1) the polynomial equation that the user will enter will be the f(x) which is always equal to 0 (hence the example equation i used before was equal to 0)
2) the interval that the user will enter is the 1st x and 2nd x (respectively) which the program will evaluate giving a new value that will be shown under the column of f(x sub n)
[in the example, the interval was [-0.25 , 0] and these were substituted to the polynomial equation thus giving the values of 3.876953 (for x=-0.25) and 4 (for x=0)]
3) the new x that will be used for evaluation is obtained through the secant formula which is:
http://i33.tinypic.com/1zfsbhc.jpg
[in the example, the 3rd x in the column under x sub n is obtained through the secant formula:
http://i35.tinypic.com/o7j6s7.jpg
this new x will be evaluated (substituting it to the polynomial equation and getting a value of 2325.374361]
4) the 3rd step is repeated until the number of iterations is satisfied (in the example, the intervals, which are -0.25 and 0 are iteration 0 and iteration 1 respectively)

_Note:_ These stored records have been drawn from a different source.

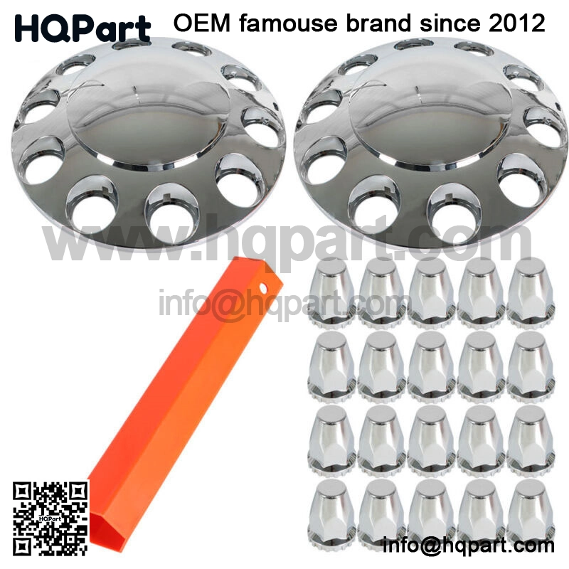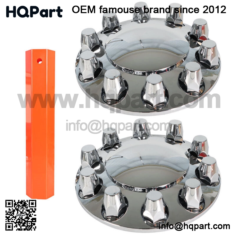 Pair Chrome Front Wheel Covers 33mm Hub Axle Semi Truck ABS Plastic Satin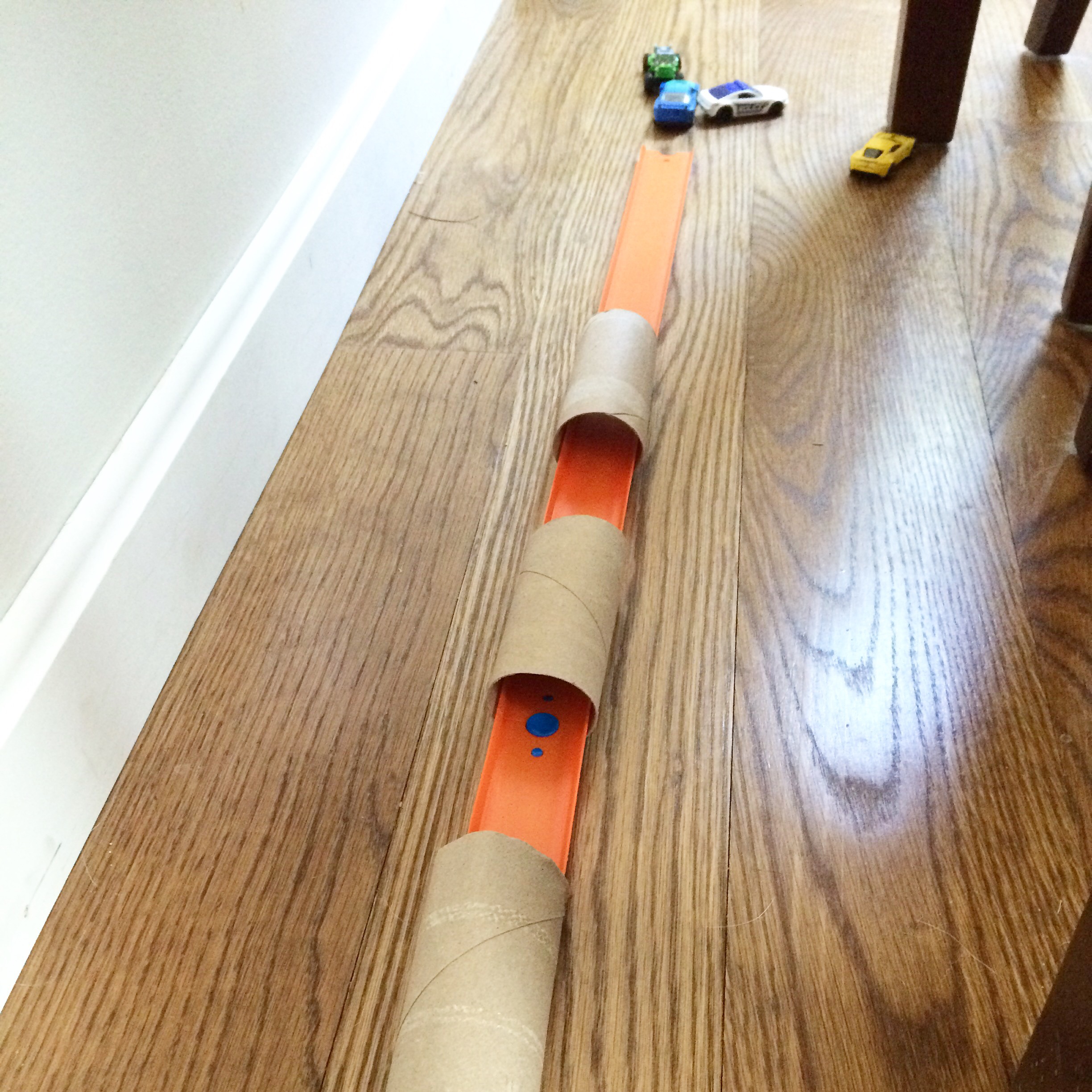 We’ve had tracks for a while, but this time I wanted to add something different. We taped one end of each track to a kitchen chair and bam. So much fun. The boys loved trying each car and truck. Would it go fast or slow? Would it stay on the track or shoot off the end? Would it knock the other car off the track? It was like one giant science experiment.
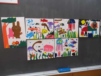 少しずつ版が仕上がってきました。11色のシールがあるので、魚やクラゲに模様をつけたり、ちぎり絵のようにして空の様子を表したりと色彩豊かな作品になってきています。

is what i want possible?..

by the way, i was able to make a program that does wat i want with the exception of entering the polynomial equation... this program solves the equation x - 2 + ln x = 0... however i dont know how to construct the part wherein the program could do the number of iterations that the user wants... i hope this gives you an idea...

Code:

```#include <stdio.h> #include <math.h> double f(double); int main() {     double k, x1, x2;     int n;     double y;         printf("Enter the interval [x1,x2]: ");     scanf("%lf, %lf", &x2, &x1);           printf("Checking the boundaries:\n");     printf("Xn\t\tf(Xn)\n");     printf("%.6lf\t%.6lf\n", x1, f(x1));     printf("%.6lf\t%.6lf\n", x2, f(x2));         for (n = 1; n<=4; n++)     {         y = (x1 - x2) / (f(x1) - f(x2)) * f(x1);         x2 = x1;         x1 = x1 - y;         printf("%.6lf\t%.6lf\n", x1, f(x1));     }         scanf("%lf", &k);     return 0; } double f(double x) {      return((x-2)+log(x)); }```
please if u cud, help me... i wud really really appreciate it...

hey i gave u the above code if u can modify that to suite ur needs that will be better or what u can do
try to modify the above code then i can help u to reach ur goal ...
or somethin better u can suggest me that will be better :)
• 10-09-2009
m37h0d
you need to write a parser.

if you're only dealing with regular polynomials, your job is fairly easy. consider each independent variable and constant to be a token. scan over the input string for the independent variables. their exponents should be adjacent to them (separated by some exponentiated operator, ^, perhaps) to the right. each term should be separated by additions. use atof or some other ascii-to-numeric conversion routine to convert the text into numeric types.

pretty straightforward.
• 10-09-2009
MacNilly
There is an easier way to input the terms of the polynomial. Well, easier for the programmer and that's whats really important, isn't it? ;)

Enter number of terms: 3
Enter a1, n1: 2, 2
Enter a2, n2: 4, 1
Enter a3, n3: 4, 0

That would be 2x^2 + 4x + 4.

Something like that would be a heck of a lot easier to write than a real equation parser. If you do want to write a parser you'll have to make a polynomial class first. Also, the strtod() C library function will keep track of your pointer position of your string for you.